Description of the task >>
Only the lines from the one containing "廣東之所以能連續七年蟬聯區域" to the end of the listing below should be returned, exactly as written and without pictures.

Provided data >>
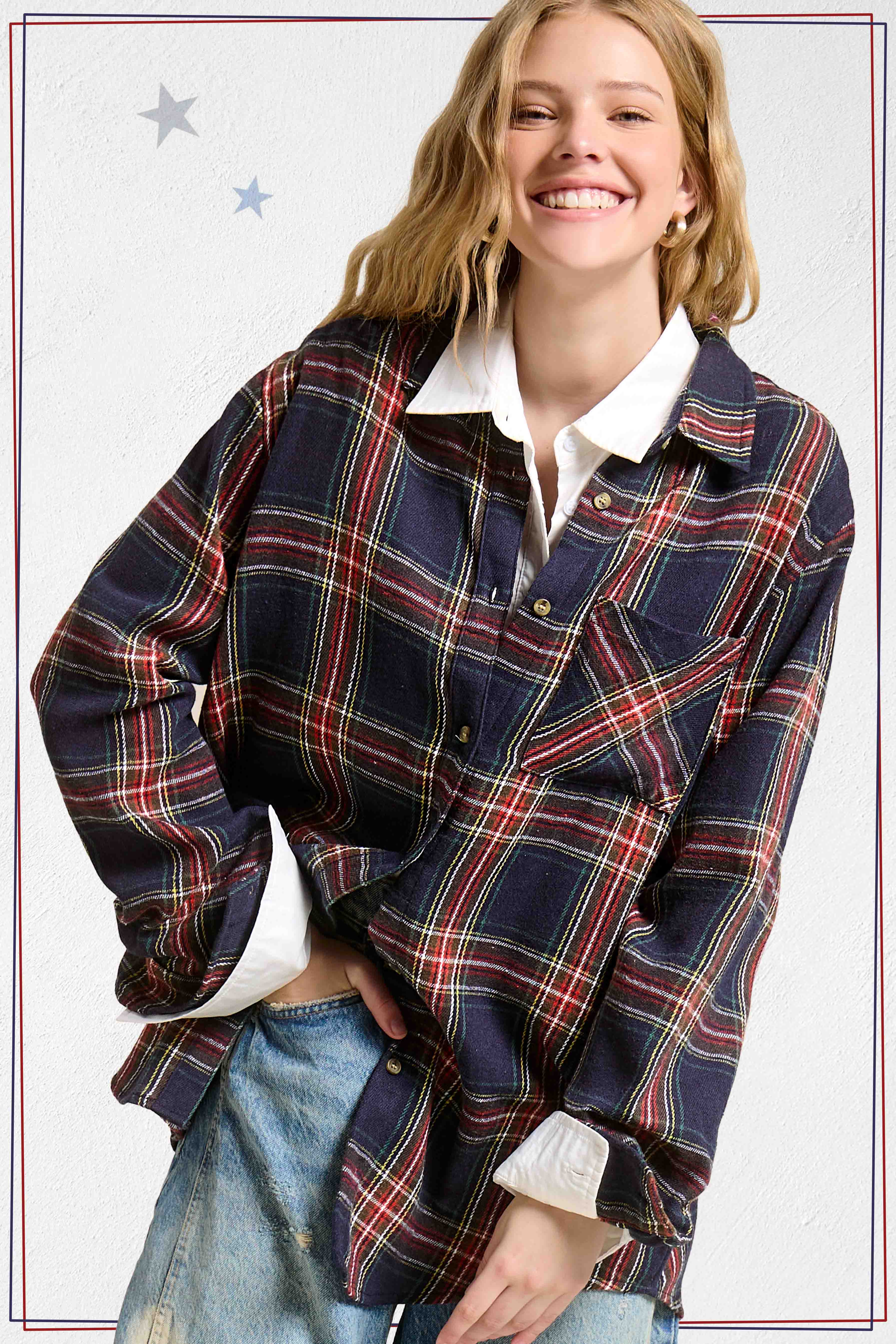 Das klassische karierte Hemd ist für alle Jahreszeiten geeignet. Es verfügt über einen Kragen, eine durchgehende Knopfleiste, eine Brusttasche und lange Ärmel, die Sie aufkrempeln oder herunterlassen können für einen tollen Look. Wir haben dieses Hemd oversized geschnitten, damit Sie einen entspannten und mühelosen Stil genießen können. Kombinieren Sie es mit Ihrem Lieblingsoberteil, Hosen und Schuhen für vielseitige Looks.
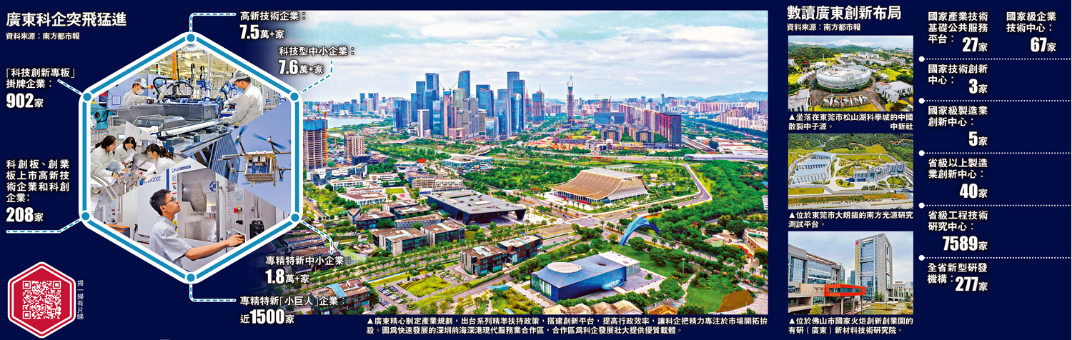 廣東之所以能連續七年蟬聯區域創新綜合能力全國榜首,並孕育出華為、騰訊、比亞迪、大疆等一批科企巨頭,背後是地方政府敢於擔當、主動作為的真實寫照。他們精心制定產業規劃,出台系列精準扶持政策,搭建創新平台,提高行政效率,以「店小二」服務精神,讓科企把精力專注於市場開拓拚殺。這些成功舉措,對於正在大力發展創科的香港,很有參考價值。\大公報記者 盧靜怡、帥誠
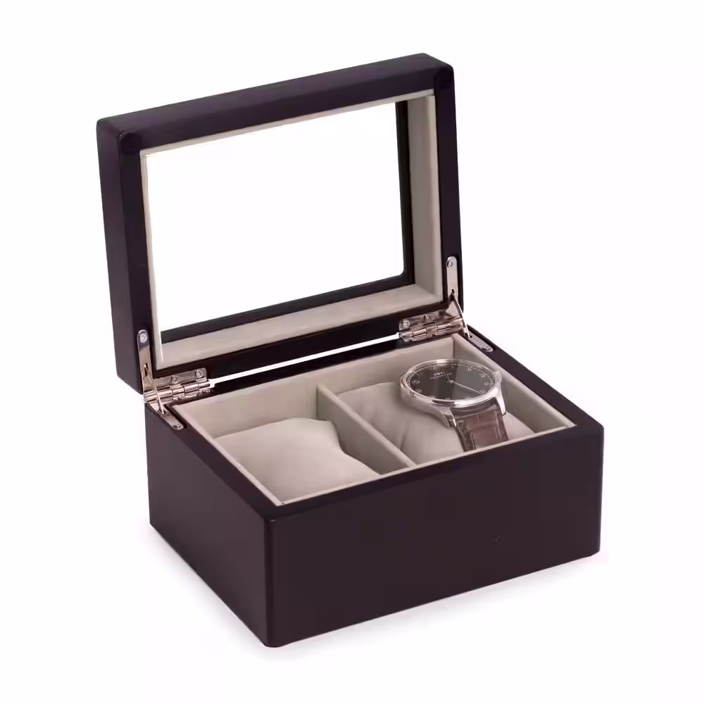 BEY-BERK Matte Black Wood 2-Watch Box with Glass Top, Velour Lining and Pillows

The completed task >>
 廣東之所以能連續七年蟬聯區域創新綜合能力全國榜首,並孕育出華為、騰訊、比亞迪、大疆等一批科企巨頭,背後是地方政府敢於擔當、主動作為的真實寫照。他們精心制定產業規劃,出台系列精準扶持政策,搭建創新平台,提高行政效率,以「店小二」服務精神,讓科企把精力專注於市場開拓拚殺。這些成功舉措,對於正在大力發展創科的香港,很有參考價值。\大公報記者 盧靜怡、帥誠
 BEY-BERK Matte Black Wood 2-Watch Box with Glass Top, Velour Lining and Pillows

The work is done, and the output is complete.